You can hold live sessions for students, or create recorded videos which will be uploaded to the platform and can be accessed by anyone.
The roles I’ve listed above are based on the freelance tasks I’ve taken on in the past. Apart from the above, I’ve also built machine learning models for companies on a one-off basis. This was a more complicated task than I expected, since these organizations are pretty small and their data isn’t cleaned or stored properly.
I had to spend a lot of time figuring out the relationships between different tables, how database access could be automated so the model could run each time, and cleaning the data so it could easily be queried.
I’ve spent a lot of time just dealing with the data and trying to understand it, and far less effort was spent on model building.
While these projects took up a huge portion of my time, I was able to learn a lot, and also picked up on many different tools that could be used for handling large amounts of data.
How to land freelance data science jobs?
Now that you know the types of tasks you can take up as a freelance data scientist, you might be wondering how to land one. How do you find and connect with employers looking to hire for one of these positions?
You can register as a freelancer on platforms like Upwork and Fiverr. Post actively on LinkedIn.
Learnt about an interesting, new topic? Post about it on LinkedIn.
Created a data science project? Write an article about it. Share your code on GitHub.

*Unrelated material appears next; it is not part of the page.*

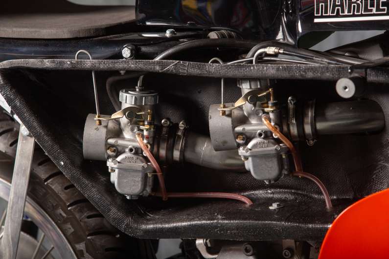 The Harley-Davidson XR750 is a machine defined by function, where every component is shaped by performance. Its lightweight chassis, responsive suspension, and distinctive V-twin engine are built for precision and control, while details like the twin carburettors, exposed mechanics, and minimalist bodywork highlight a pure, uncompromising design. Every element reflects a focus on balance, traction, and mechanical efficiency.

If you want to consistently land freelance jobs, your work needs to reach the right people. You need to be vocal about what you do and consistently promote yourself.
Almost every freelance task I got is because an employer stumbled across one of my articles or posts on social media.
Also, keep in mind that many employers choose to hire based on trust. They are more likely to hire you if you are highly recommended by someone they are close to, as opposed to taking the risk of hiring an applicant who uploaded their resume on a job portal.
Once you land your first few freelance jobs, it will be a lot easier to get more of them. The more jobs you successfully complete, the higher your profile will rank on platforms like Upwork.
After completing a task for an employer, ask them for a recommendation. This will provide future employers with confidence that you can get the job done, and increases your chances of getting hired.
Finally, make sure to set reasonable rates based on your level of expertise. In the beginning, it makes sense to charge slightly lower to build up your portfolio. As you start gaining more expertise and more jobs start coming in, you can gradually increase your rates.
However, make sure to do proper research so you know what the market rates are. I wasn’t aware of this when I first started freelancing, and did a lot of work for a fraction of the market price.
I once charged a company around $35 to write a 2,500 word article. After a month of working with them, I asked if this could be increased to $70. They negotiated and lowballed, and settled on $60.
I wrote one more article for them, then left. The remuneration simply wasn’t worth the effort I was putting in, and I decided to direct my energy towards tasks that added value.
I’ve turned down multiple jobs after that if they didn’t align with the amount I quoted the employer.
It is important to know your worth. You have spent a lot of time and resources to acquire the skills you have now. You are constantly working to upskill and gain more knowledge, and online courses/learning materials aren’t cheap.
This time and effort should be rewarded fairly, and you need to set your freelance rates accordingly.
If you are looking to become a freelance data scientist, I hope that the advice provided in this article was useful.
Remember, it isn’t wise to leave your full-time job and start freelancing immediately. I suggest creating a portfolio first and taking up freelance roles on a part-time basis. Once you constantly have a steady stream of jobs coming in and establish a certain level of stability, then you can make the transition towards becoming a full-time freelancer.